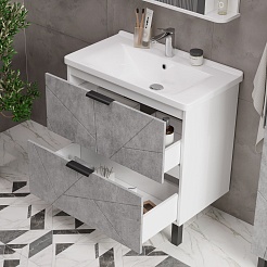 Grossman Тумба с раковиной Талис 80 подвесная бетон пайн/белая
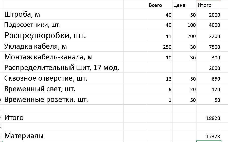 С работой также цены различны. Есть бригады, которые работают за фиксированную цену — таких в столичных регионах основное количество. Например — за «трешку» работа под ключ будет стоить в районе 60 – 70 000 рублей. Если повезет — то можете найти в 50 000 рублей, но опять же нужно спросить квалификацию, а то такие мастера вам наделают! В регионах нормальная цена, опять же за «трешку» в 40 — 50 000 рублей. Сюда входит и освещение и розетки и щиток с автоматами.
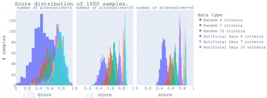 Tests on different numbers of criteria were conducted. The results shown in Figure 5 are fairly similar for a fixed number of criteria, regardless of the number of alternatives. The mode of each distribution is more or less the same value. From 5 alternatives to 25 alternatives, there is a large change in the width of each distribution. As the number of alternatives grows, the probability of having a well-ordered dataset (respectively, datasets with lots of cycles) decreases. This is due to the way the datasets are generated (each data point is uniformly distributed and its generation is independent from others). This is unrealistic when considering the field of MCDA, where there are, most of the time, dependence and conflict between criteria, and alternatives will never be uniformly distributed. For the artificial data, a random sampling on an initial 1000 alternatives was used to reach the 5, 25, and 50 alternatives of each distribution. As the sample is getting closer to the original number of alternatives, the distribution becomes narrower. The main takeaway from the artificial data is the high score it achieves (as it is an extreme case). However, this score is not 1 since a score of 1 would mean the net flow scores are all null (since it is the only way the sum of the pairwise preference can be null), and by the generation conducted, this is not achievable. Moreover, having all net flows score equal to zero is highly unrealistic as well.
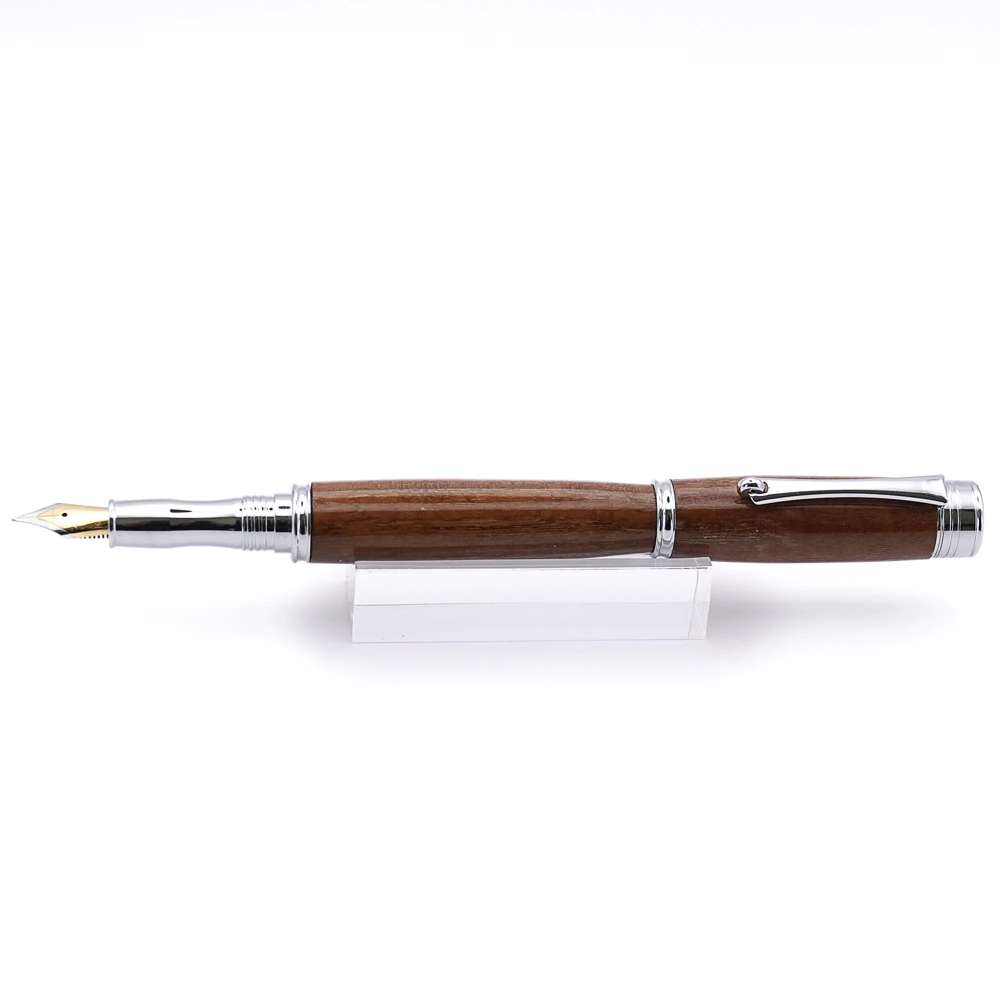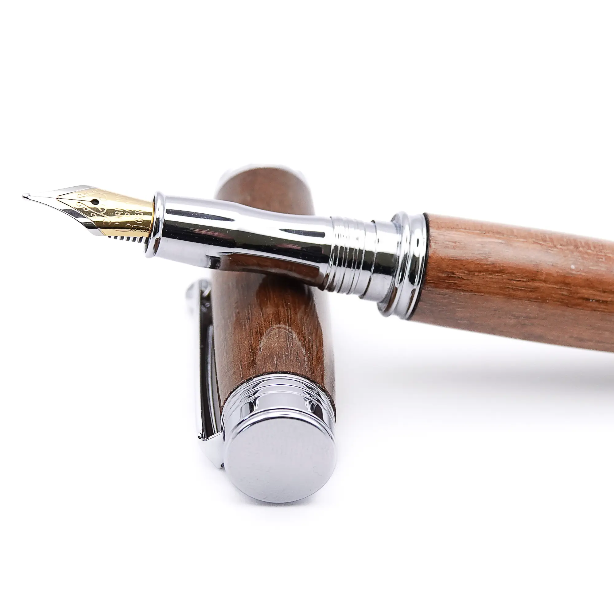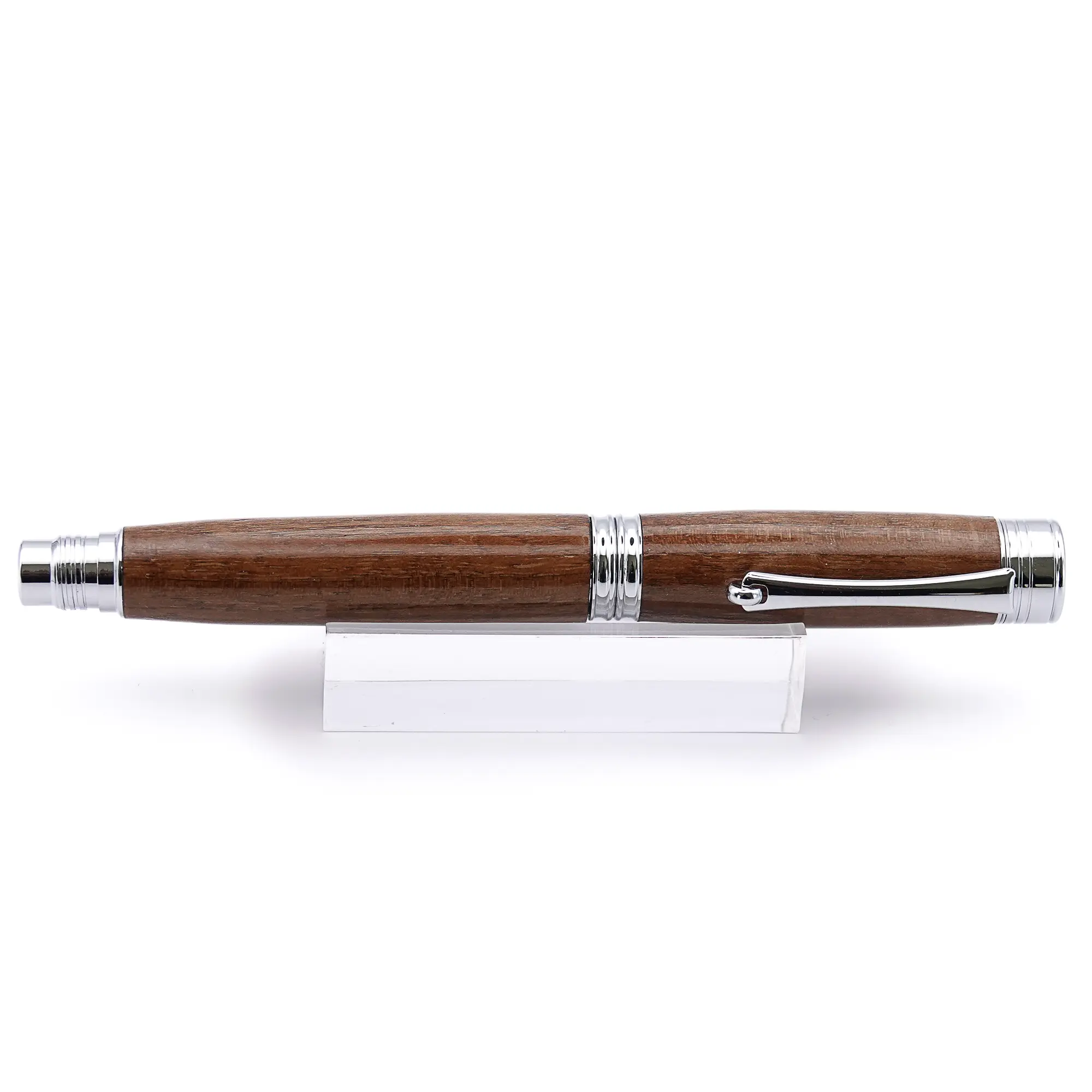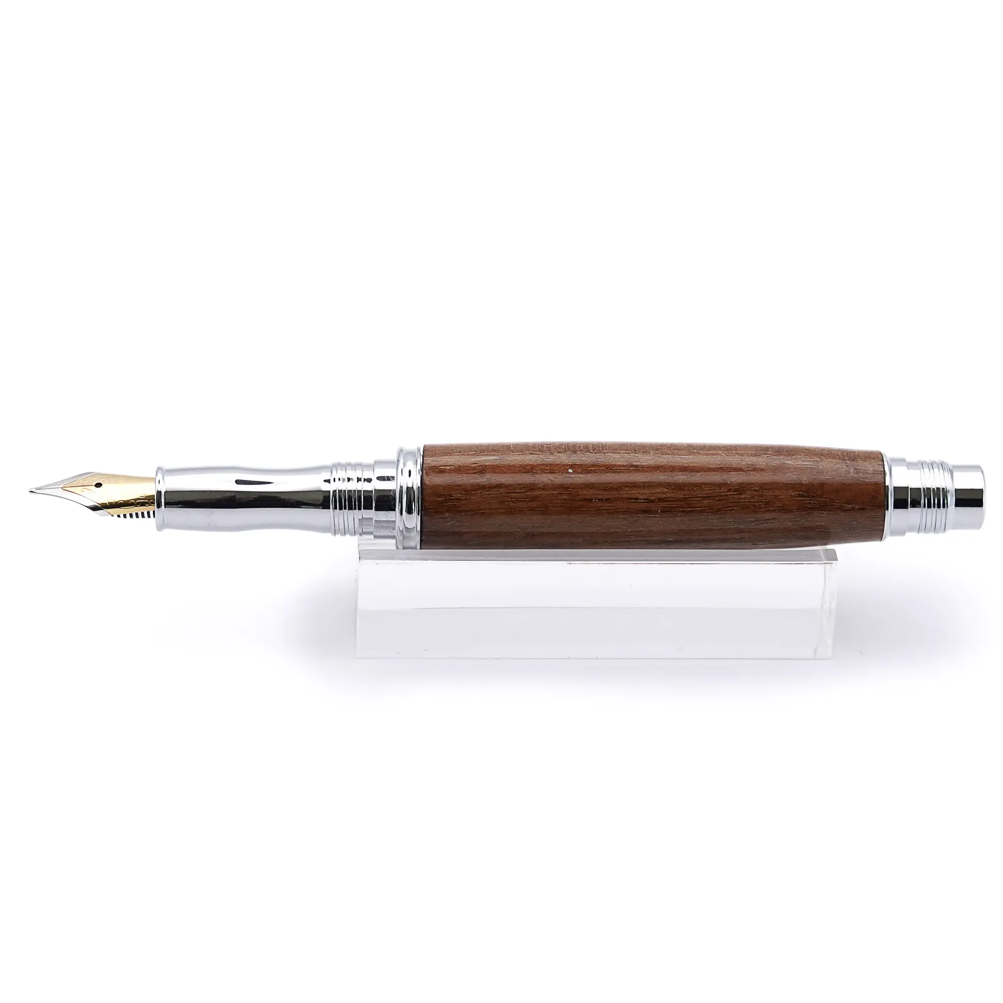 This handmade fountain pen is constructed from a recycled piece of Walnut with Chrome Plated Fittings. The pen is “pillared” so that the cap can be screwed on the back of the pen to extend it for anyone who likes to use a longer pen. The nib has an iridium point.
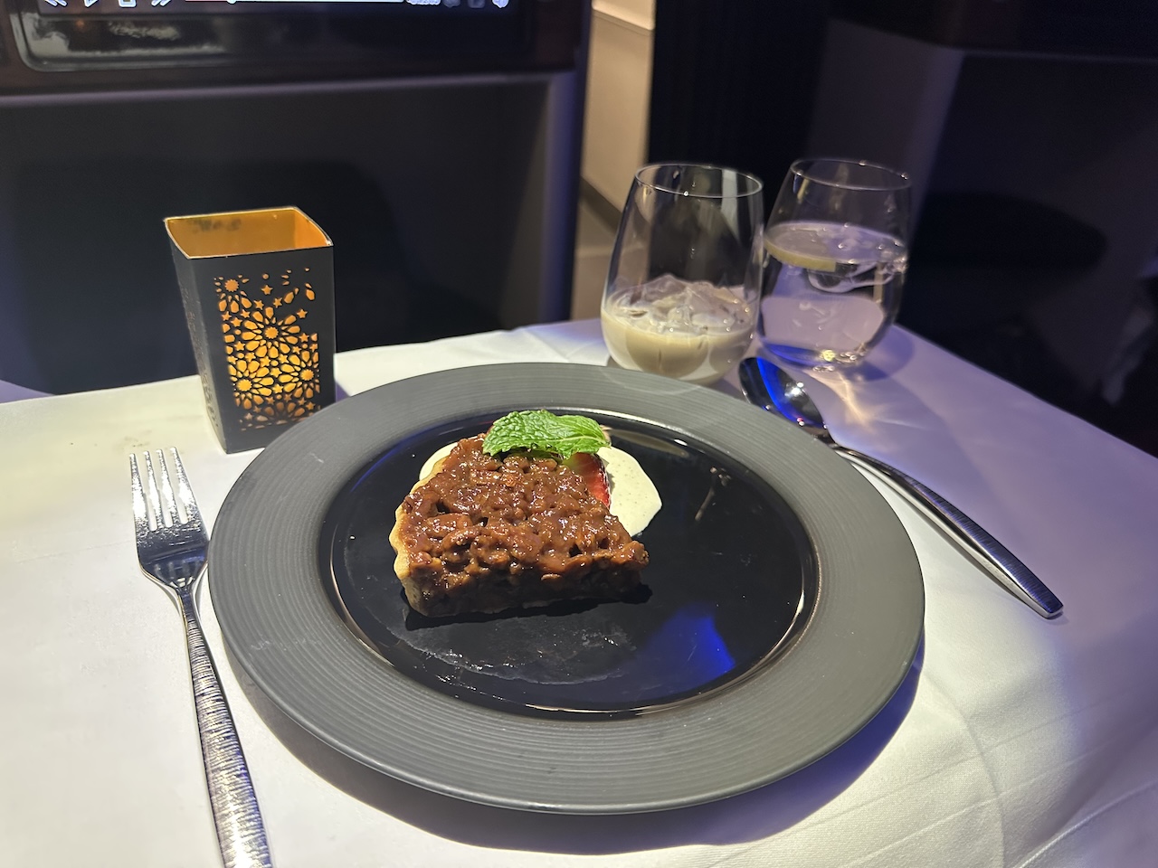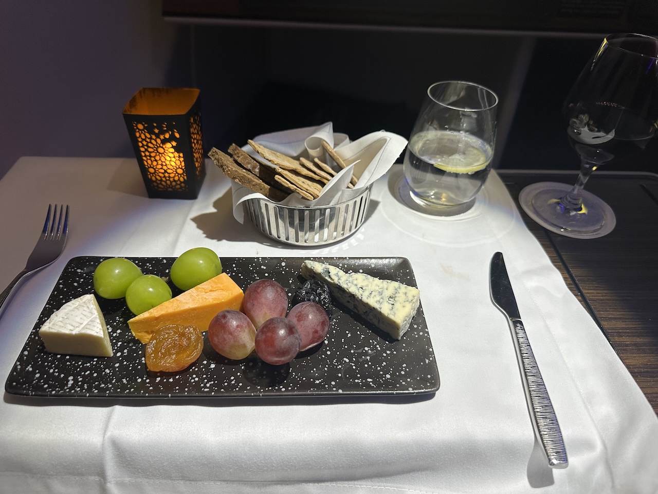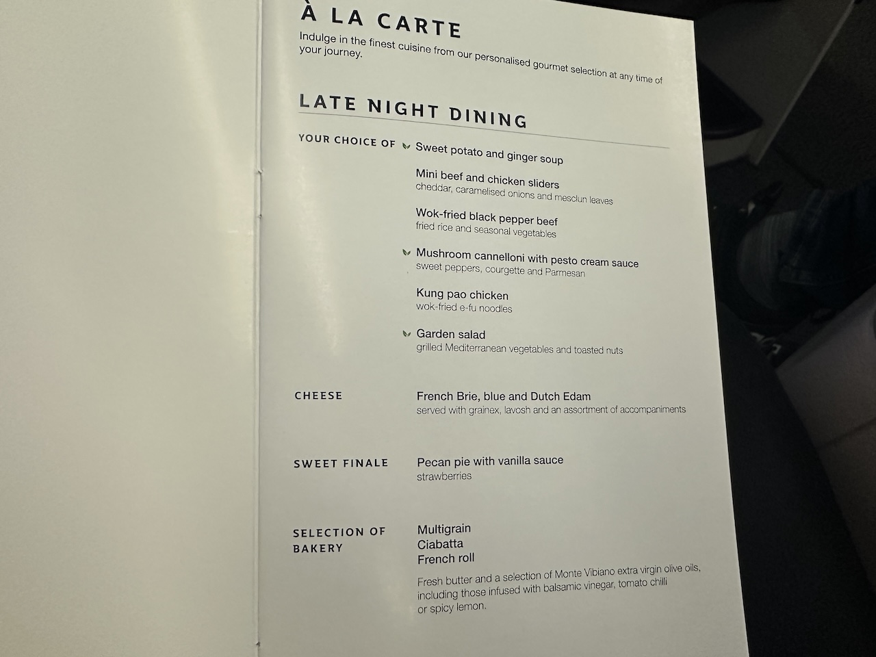 Catering ist für Qatar Airways ein wichtiges Thema. Trotz der späten Stunde wurde ein Late Night Dining mit sechs verschiedenen Optionen plus Käse und Dessert angeboten.

============================================================

## Exercise description:
Without the pictures, write out the lines from the beginning of the entries through the line with "С работой также".

## Task result:
 Grossman Тумба с раковиной Талис 80 подвесная бетон пайн/белая
 С работой также цены различны. Есть бригады, которые работают за фиксированную цену — таких в столичных регионах основное количество. Например — за «трешку» работа под ключ будет стоить в районе 60 – 70 000 рублей. Если повезет — то можете найти в 50 000 рублей, но опять же нужно спросить квалификацию, а то такие мастера вам наделают! В регионах нормальная цена, опять же за «трешку» в 40 — 50 000 рублей. Сюда входит и освещение и розетки и щиток с автоматами.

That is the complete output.